Page MenuHomeSoftware Heritage

Load the archived bitbucket mercurial repositories
Open, HighPublic

Description

When swh.loader.mercurial 1.0 is deployed in production, schedule the loading of all the archived bitbucket repos from the mapping file provided by @Alphare; monitor the completion of the tasks.

It would probably make sense to set up a new worker instance for this to avoid interfering with the regular loading.

Event Timeline

The mapping file is located (on the boatbucket machine) at /srv/boatbucket/mapping-to-repos.txt. It does *not* contain the (very few) outright corrupted repositories, I might have to do some digging and even bother the BB team again to get the URL for those.

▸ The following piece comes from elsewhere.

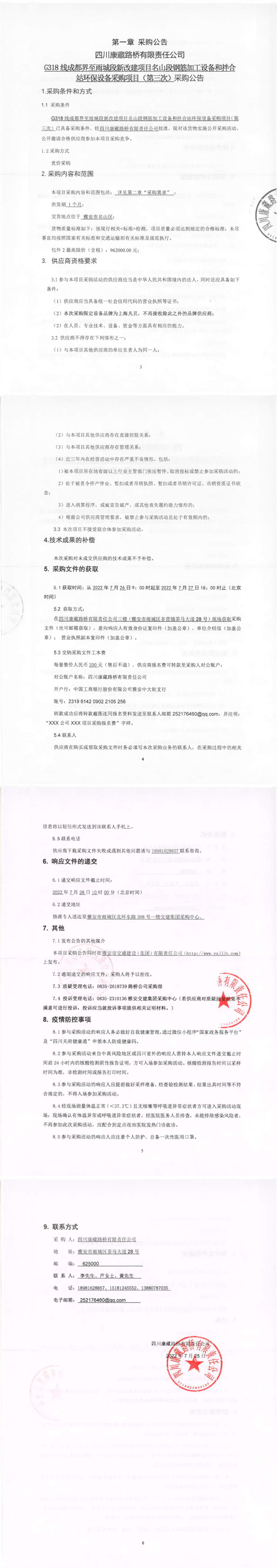 四川康藏路橋有限責(zé)任公司G318線成都界至雨城段新改建項(xiàng)目名山段鋼筋加工設(shè)備和拌合站環(huán)保設(shè)備采購項(xiàng)目(第三次)采購公告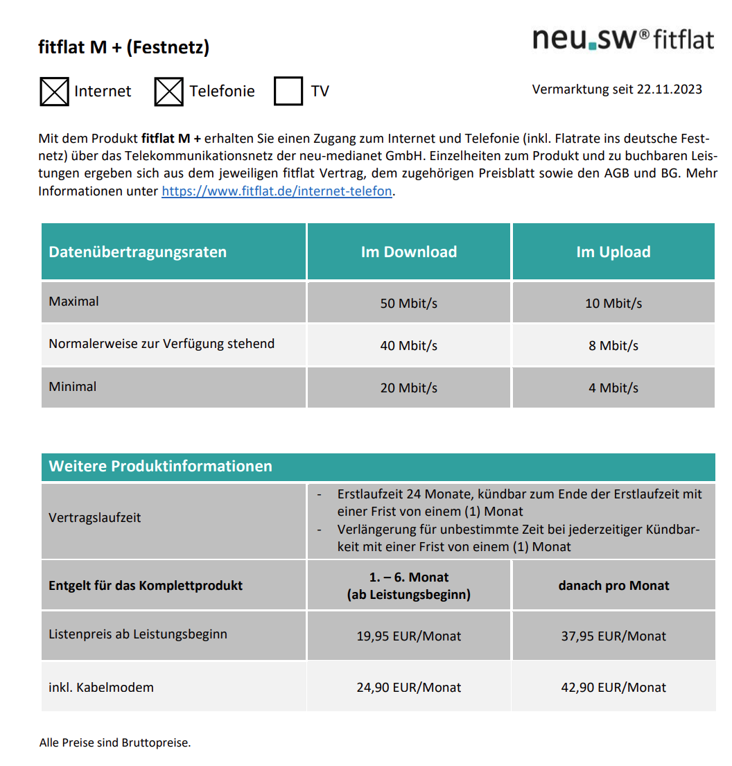 Wie meinst du das, du findest 40-50€ für 25/5 Mbit/s fair? Im Großteil der Republik gibt's die vierfache Datenrate für 25€ im Monat und das lässt sich mit nem Router nutzen, der gebraucht 15-40€ kostet. Mieten muss man da überhaupt nicht.Müritzer schrieb:Mir reicht das eigentlich aus, so einen Vertrag gibt es ja nicht mehr neu.

In the mean time, we agreed that the smoke-test on the staging environment should happen on:

  • https://mercurial-scm.org/repo/hg for the remote case of a non-trivial repo
  • refugees/data/54/54220cd1-b139-4188-9455-1e13e663f1ac/main-repo.mercurial/ (PyPy for a local large-ish repo)
  • any corrupted repository in /srv/boatbucket/extra-repos/corrupted/ just in case

For posterity, I have tested that all corrupted and "verify failed" repositories in the archive load correctly, as well as the humongous Mozilla-unified, PyPy and about a few thousand random other ones from the archive. Aside from the incremental loading issues detailed in T3336 (that should be fixed in today's run), everything seems fine.

That's awesome news, thanks for the heads up \o/.

The run from this week-end, detailed in T3336, appears to have worked fine. (just making sure it's obvious from this task also)

As mentioned in T3336, we've now passed 3000 repos loaded successfully in staging. We've had two failures due to attempting to add two identical objects concurrently, which is something my simple test script wouldn't catch, but would be handled properly by an actual worker process.

Once we go to production we should expect the throughput to be quite a bit faster.